Information shown section start

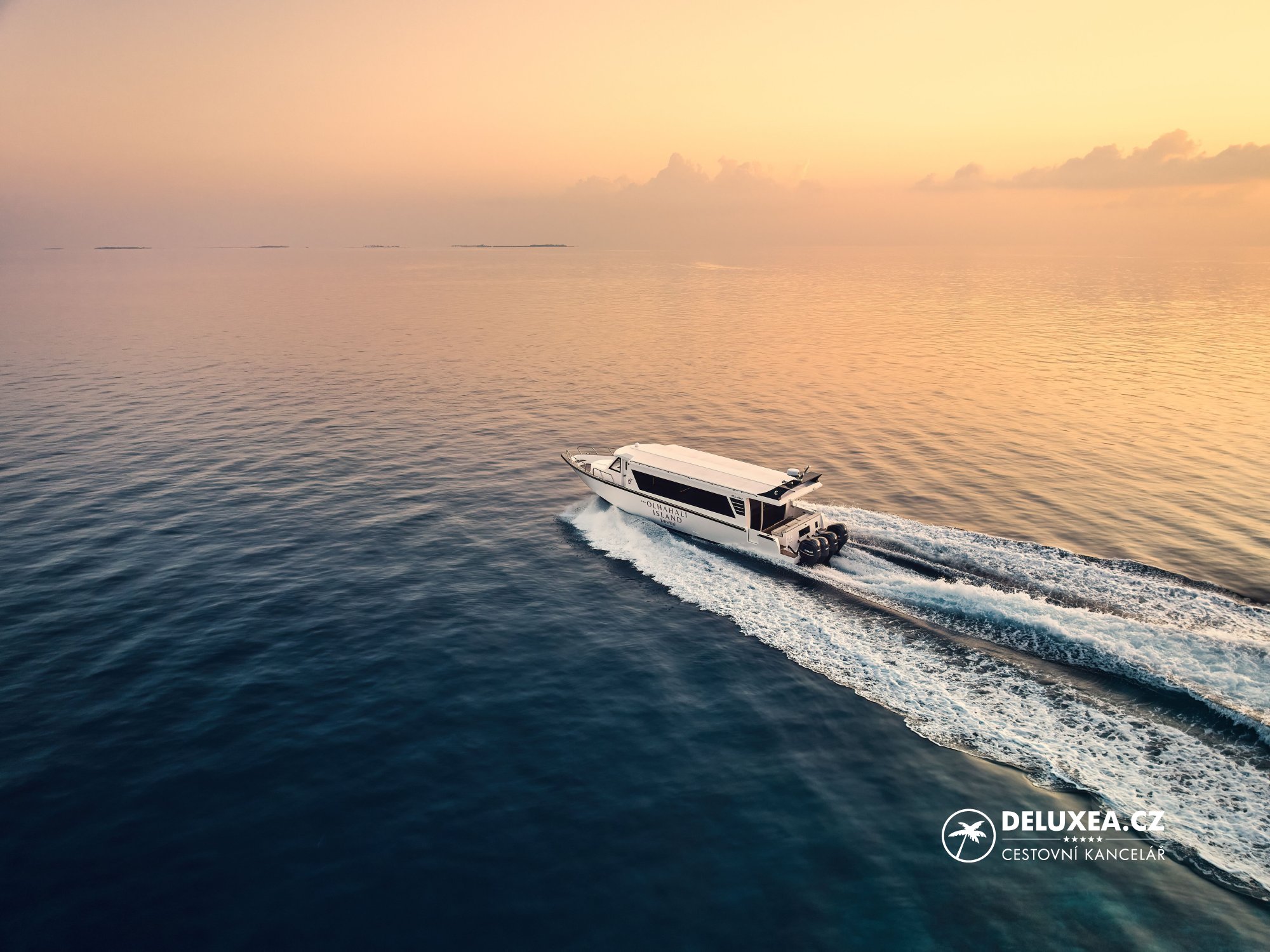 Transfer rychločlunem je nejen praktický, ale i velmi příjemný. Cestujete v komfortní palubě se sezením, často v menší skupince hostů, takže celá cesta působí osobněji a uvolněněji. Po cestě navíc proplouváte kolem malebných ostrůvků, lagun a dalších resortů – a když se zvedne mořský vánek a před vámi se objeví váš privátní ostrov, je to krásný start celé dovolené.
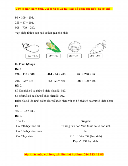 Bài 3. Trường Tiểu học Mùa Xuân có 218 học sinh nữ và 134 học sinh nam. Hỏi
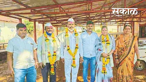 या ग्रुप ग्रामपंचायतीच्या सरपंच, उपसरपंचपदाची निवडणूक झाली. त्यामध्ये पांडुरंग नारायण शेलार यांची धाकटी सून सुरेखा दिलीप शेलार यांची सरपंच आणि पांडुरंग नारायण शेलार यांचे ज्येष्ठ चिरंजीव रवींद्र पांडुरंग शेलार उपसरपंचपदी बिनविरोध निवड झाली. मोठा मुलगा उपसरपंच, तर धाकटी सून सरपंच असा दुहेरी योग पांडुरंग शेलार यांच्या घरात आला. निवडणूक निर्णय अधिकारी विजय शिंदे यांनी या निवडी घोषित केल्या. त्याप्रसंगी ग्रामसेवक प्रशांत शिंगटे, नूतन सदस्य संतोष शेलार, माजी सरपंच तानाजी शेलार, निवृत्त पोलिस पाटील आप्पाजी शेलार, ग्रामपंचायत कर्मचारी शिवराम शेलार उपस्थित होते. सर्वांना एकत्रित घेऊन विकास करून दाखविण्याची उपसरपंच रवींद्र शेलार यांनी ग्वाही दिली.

Information shown section end

Restate the listing above word for word, and skip the pictures.

 Transfer rychločlunem je nejen praktický, ale i velmi příjemný. Cestujete v komfortní palubě se sezením, často v menší skupince hostů, takže celá cesta působí osobněji a uvolněněji. Po cestě navíc proplouváte kolem malebných ostrůvků, lagun a dalších resortů – a když se zvedne mořský vánek a před vámi se objeví váš privátní ostrov, je to krásný start celé dovolené.
 Bài 3. Trường Tiểu học Mùa Xuân có 218 học sinh nữ và 134 học sinh nam. Hỏi
 या ग्रुप ग्रामपंचायतीच्या सरपंच, उपसरपंचपदाची निवडणूक झाली. त्यामध्ये पांडुरंग नारायण शेलार यांची धाकटी सून सुरेखा दिलीप शेलार यांची सरपंच आणि पांडुरंग नारायण शेलार यांचे ज्येष्ठ चिरंजीव रवींद्र पांडुरंग शेलार उपसरपंचपदी बिनविरोध निवड झाली. मोठा मुलगा उपसरपंच, तर धाकटी सून सरपंच असा दुहेरी योग पांडुरंग शेलार यांच्या घरात आला. निवडणूक निर्णय अधिकारी विजय शिंदे यांनी या निवडी घोषित केल्या. त्याप्रसंगी ग्रामसेवक प्रशांत शिंगटे, नूतन सदस्य संतोष शेलार, माजी सरपंच तानाजी शेलार, निवृत्त पोलिस पाटील आप्पाजी शेलार, ग्रामपंचायत कर्मचारी शिवराम शेलार उपस्थित होते. सर्वांना एकत्रित घेऊन विकास करून दाखविण्याची उपसरपंच रवींद्र शेलार यांनी ग्वाही दिली.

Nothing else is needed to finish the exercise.